Nutrition and Economics

Nutrition is a strange science, if science is the right word for it. It acts like a science. It has hypotheses and experiments and studies. There are nutritionists who make a living studying nutrition. They write peer reviewed articles about nutrition. It feels very scientific.

But there’s a problem. Nothing appears to be certain in nutrition. In a sense, that shouldn’t be a big deal. All scientific knowledge is provisional in that it is only true to the extent that no one has found a better explanation yet. The classic example is the way Newton’s theory of gravity was true until Einstein’s theory of relativity improved it.

Unfortunately, that’s not the way nutrition is uncertain. With nutrition, if you want a vegan diet to be healthy, there’s a study that shows that. And if you want a carnivorous diet to be healthy, there’s a study that shows that, too. According to some studies, fat is good for you, while there are others that show that fat is bad for you. A few of the diets out there are Keto, Paleo, Atkins, Weight Watchers, and The Zone. They are all backed by “science”, but say quite different things. It’s really confusing for those of us who aren’t nutritionists.

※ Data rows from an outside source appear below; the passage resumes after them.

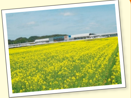
県では、新幹線の沿線に、菜の花やヒマワリなどを植えておもてなしをする「イエロープロジェクト」を今年度から始めます。

お問い合わせ先 玉名地域振興局総務振興課 ☎0968-74-2113 http://www.pref.kumamoto.jp/site/tamana-hp/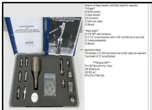
Gambar 5. Graseby Anderson

1.000.0 adalah konversi satuan dari gram ke \mu\text{g}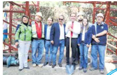
En la fotografía, personal de la Municipalidad de Guatemala y USAC, antes de iniciar el desarrollo de la obra.

Cuando finalice la instalación del colector de aguas, se contempla rellenar parcialmente la cuenca, con el fin de evitar desmoronamientos por lluvia; además, se pretende crear un parque ecológico en toda la cuenca. Es posible que más adelante la universidad y la Municipalidad de Guatemala trabajen en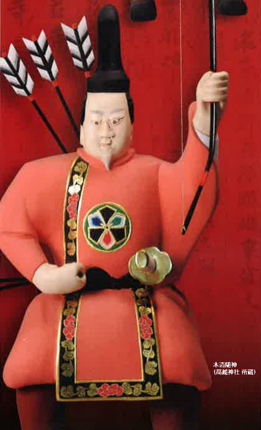
木造隨神 (高麗神社 所蔵)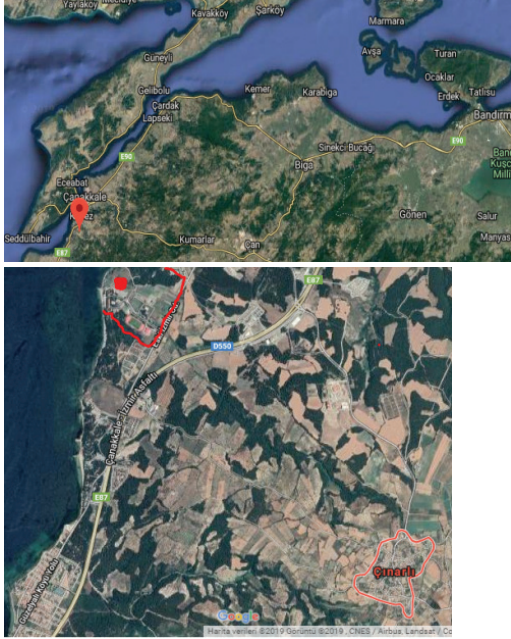
Şekil 2. Çınarlı Köyü, ÇOMU Dardanos Yerleşkesinin Konumu ve Sınırı [Goggle Earth 2019]'dan yararlanılarak.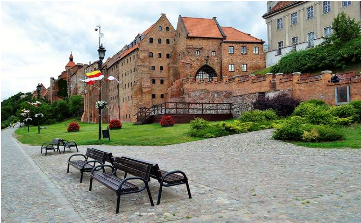
Brama Wodna (widok dzisiejszy).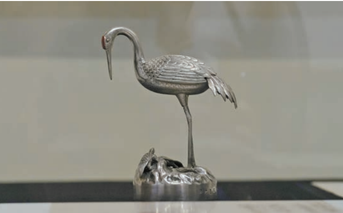
▲龜鶴紋橢圓形糖果盒，1894年3月9日（明治27年）。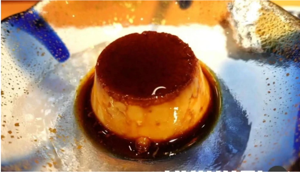
すし 碧海 フラン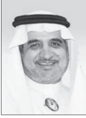
د. عبدالله مهرجي

وأضاف: نحن كشعب ومسؤولين نحمد الله عز وجل على مناحق من إنجازات ضخمة يشهدها القاصي قبل الداني ونسعى جميعاً للمحافظة على هذه المكتسبات واستثمارها والعمل على تطويرها لصالح أبناء هذا الوطن المعطاء وأن جامعة المؤسس والتي تعد أكبر جامعة سعودية من حيث عدد الطلاب تعمل جاهدة نحو الارتقاء بالعملية التعليمية وضبط الجودة وتحقيق التميز ضمن منظومة التعليم العالي التي يقودها بكل اقتدار الدكتور خالد بن محمد العنقري ويتوجبه ورؤية من مدير الجامعة الأستاذ الدكتور أسامة بن صادق طيب الذي دائماً ما يؤكد على مسؤولية الجامعة العلمية والبحثية وخدمة المجتمع والمشاركة بفعالية في تحقيق هدف وشعار صاحب السمو الملكي الأمير خالد الفيصل أمير منطقة مكة المكرمة للوصول نحو العالم الأول من خلال بناء الإنسان وتنمية المكان. وشكر الدكتور مهرجي في ختام تصريحه معالي وزير التعليم العالي ومعالي مدير الجامعة على حسن ثقتهما ودعمهما المستمر للكفاءات العلمية السعودية.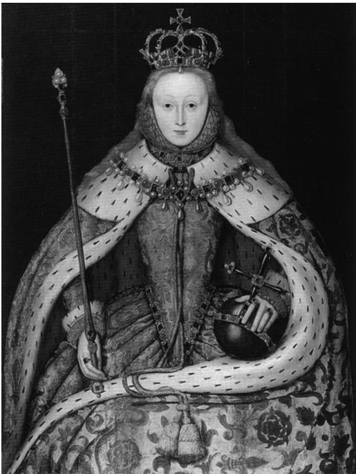
Figura 5 - Elizabeth I.

Monarcas ávidos de grandezas e de riquezas, Estado lutando pela supremacia, mercadores e banqueiros encorajados ao enriquecimento: são estas as forças que promoverão o comércio, as conquistas e as guerras, sistematizarão a pilhagem, organizarão o tráfico de escravos, prenderão os vagabundos para obrigá-los a trabalhar (BEAUD, 1987, p. 40).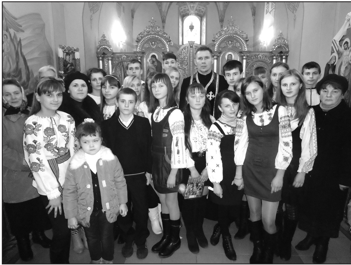
Учасники хресної дороги в церкві св. Архистратига Михаїла с. Малий Ходачків.

В одній християнській пісні йдеться: "Люблю цей світ за те, що в ньому є діти". Найщиріші молитви – це молитви з дитячих уст. Девізом хресної дороги стали слова: "Хто молиться співаючи, той молиться двічі". Кож-

Economics is almost the same as nutrition. It acts like a science. Economics has hypotheses, experiments, and studies. There’s even a Nobel Prize in economics. But, like nutrition, you can find an economic paper that will prove anything you want to prove. Some studies show that planned economies are better. Others show that they are worse. There have been tons of papers showing the benefits of the free market. There have also been tons of papers showing the damage done by free markets. Libertarians have their defenders and communists have theirs. Pure capitalism, pure socialism, and mixed economies are all backed by “science”. What is a non-economist to do?

In most sciences, there are standards and norms that keep the truly bizarre theories in check. There’s just no way a physics journal would accept a study that shows the accuracy of astrology. A medical journal would never accept a paper that shows that illness is caused by an imbalance of the humors. With nutrition and economics, there don’t seem to be any similar types of standards or norms. What else explains the studies that show that alcohol is healthy or that trickle down economics works? It feels like anything goes.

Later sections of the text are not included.